Kat gave out with a sudden sound that I thought might be alarm, but when I turned to her I found that she was smiling and that the noise had been something like a laugh. For the first time, she looked as though she might be buying that the Doctor was okay.

The Doctor laughed along with her, very encouragingly. “So, Miss Devlin,” he said (and I could see that Kat liked being referred to that way), “you say that the woman in this picture is on romantic terms with Knox?”

“She’s his special moll just at the moment,” Kat answered.

“Indeed?” the Doctor replied.

“And,” Lucius added pointedly, “Knox has her home under his personal protection.”

“Does he really?” The Doctor looked to Kat again. “For any particular reason that you can think of, Miss Devlin?”

Kat shrugged, and loosened her grip on my arm a bit. “He’s a wild one, is that Goo Goo—and from what I seen, so’s Libby. They spend a lot of time upstairs in his room. I hear it gets a little crazy sometimes. I also hear that she—well, she—dances for him.”

“‘Dances’?” the Doctor echoed, a bit confused.

Glancing out the window in some embarrassment, Kat nodded. “You know, sir—dances.

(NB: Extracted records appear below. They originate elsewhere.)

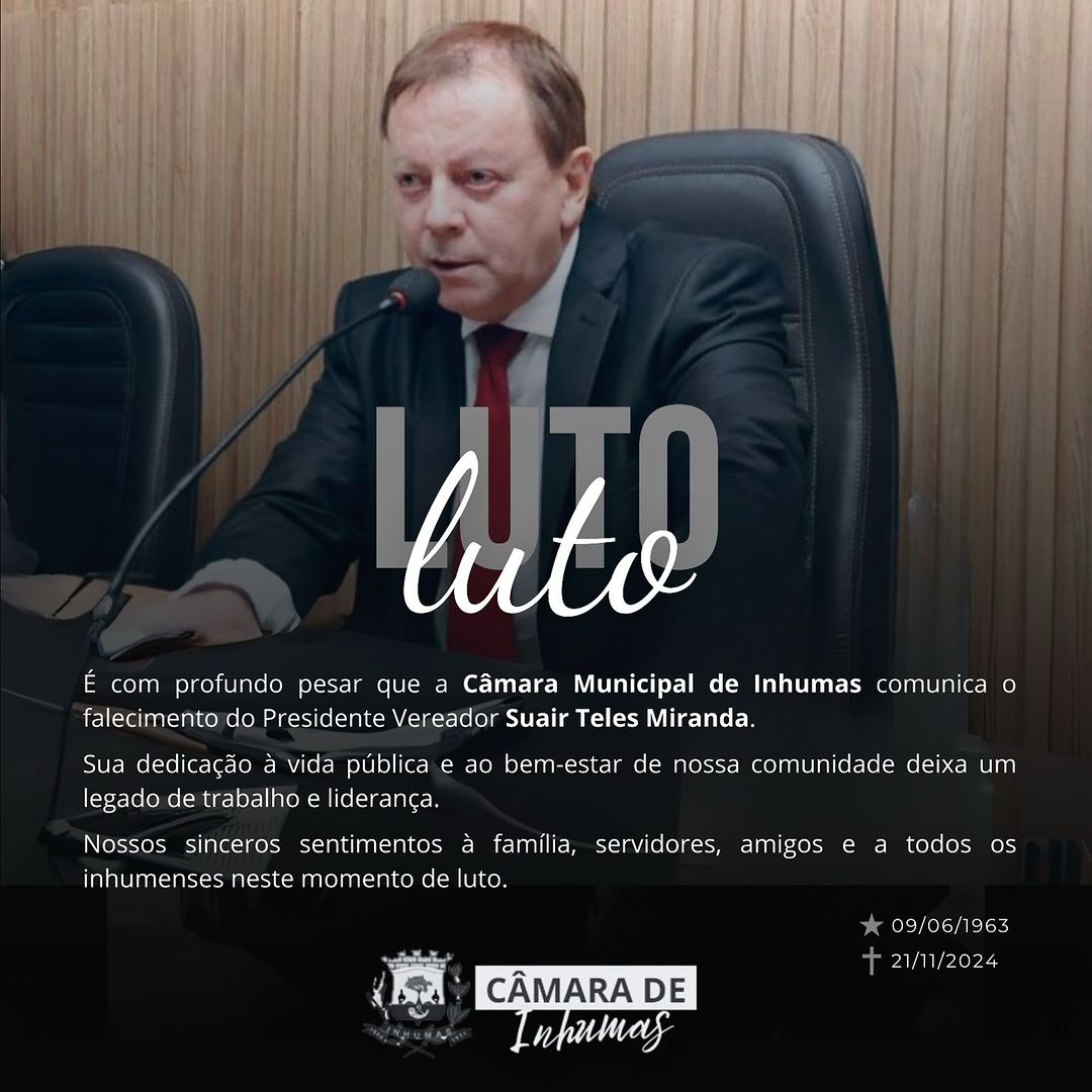 Com imenso pesar, a Câmara Municipal de Inhumas informa o falecimento do Presidente da Casa, Vereador Suair Teles Miranda, ocorrido nesta data.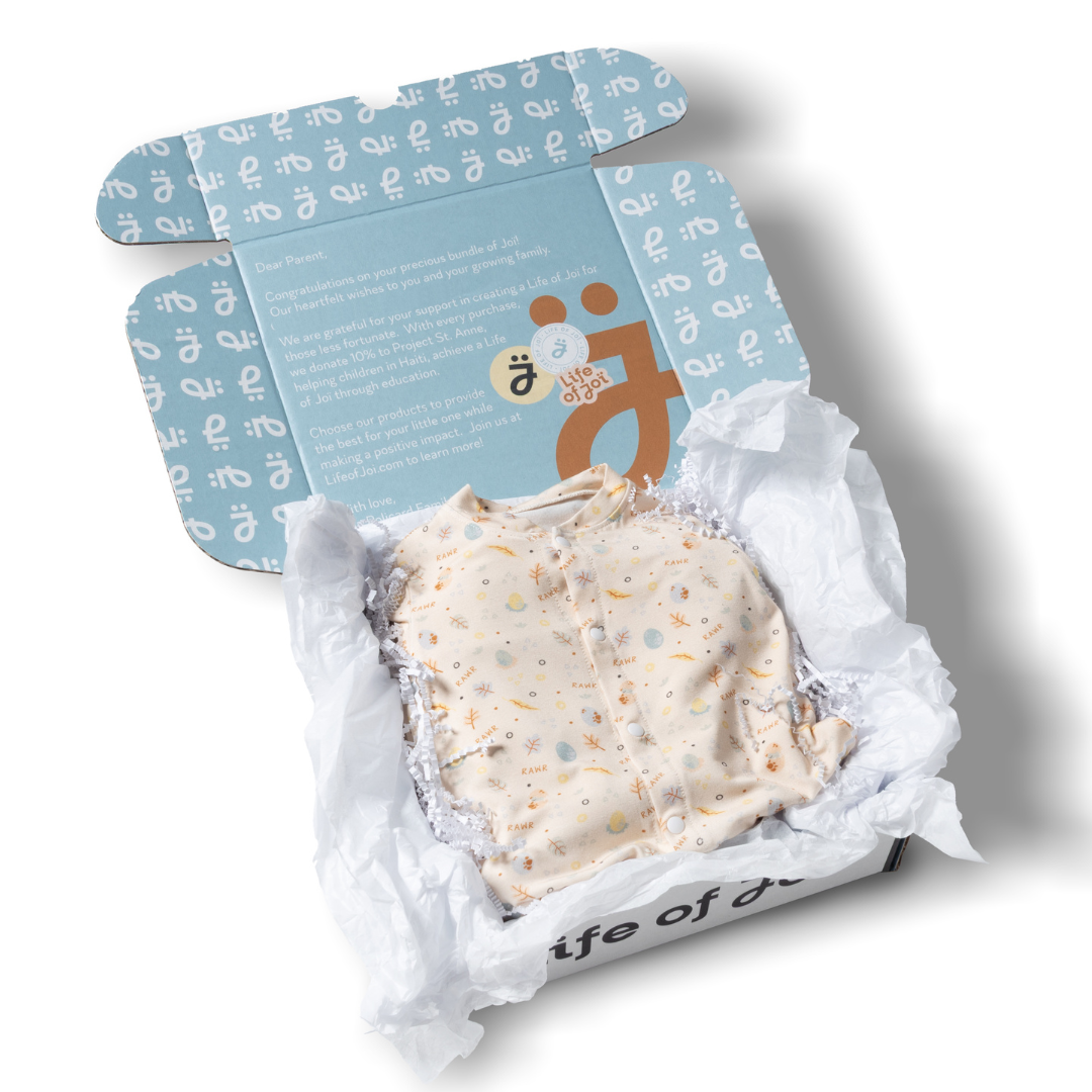 The Bundle of Joï is our signature baby essentials box, crafted with love, care, and softness for families everywhere. Our first theme is a beautifully crafted "Baby Dino Joï" story for both boy and girl babies! Each box includes six garments made from our ultra-soft viscose fabric, including 2 onesies (one short-sleeve and one long), a long-sleeve pajama set (pants and shirt), a matching bib and hat and finally our super soft and useful blanket.
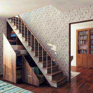 Еще один интересный проект лестницы с прекрасной организацией пространства под ней. Здесь полки и шкафчики. Поместиться много различных вещей.Обычно маршевые лестницы применяют, если в помещении большой перепад уровней. Если перепад более трех метров, то лестничный марш разделяют площадкой.

He’ll have the band come up, and play outside his door. And she—dances.”

It finally dawned on the Doctor that Kat was talking about something what was known in those days by a number of different terms, but which we now refer to by what it is: the striptease. “I see,” the Doctor said quietly. “Do excuse my ignorance, Miss Devlin. I don’t mean to be thickheaded.”

“Oh, no, sir,” she answered, very respectfully. “Ain’t no reason why you should know. Anyway, like I say, at the moment she’s the one of his girls that can really keep up with him—even more than the younger ones. She works at it, does that Libby.”

“Libby,” the Doctor repeated softly, bouncing the knuckle of his forefinger against his, mouth as he weighed it. “Libby …” He turned to the detective sergeants. “An alias?”

Marcus considered it with a little shrug. “‘Libby’ could be a diminutive version of ‘Elspeth’—it’s likely she had or has one, as ‘Elspeth’ is fairly archaic.”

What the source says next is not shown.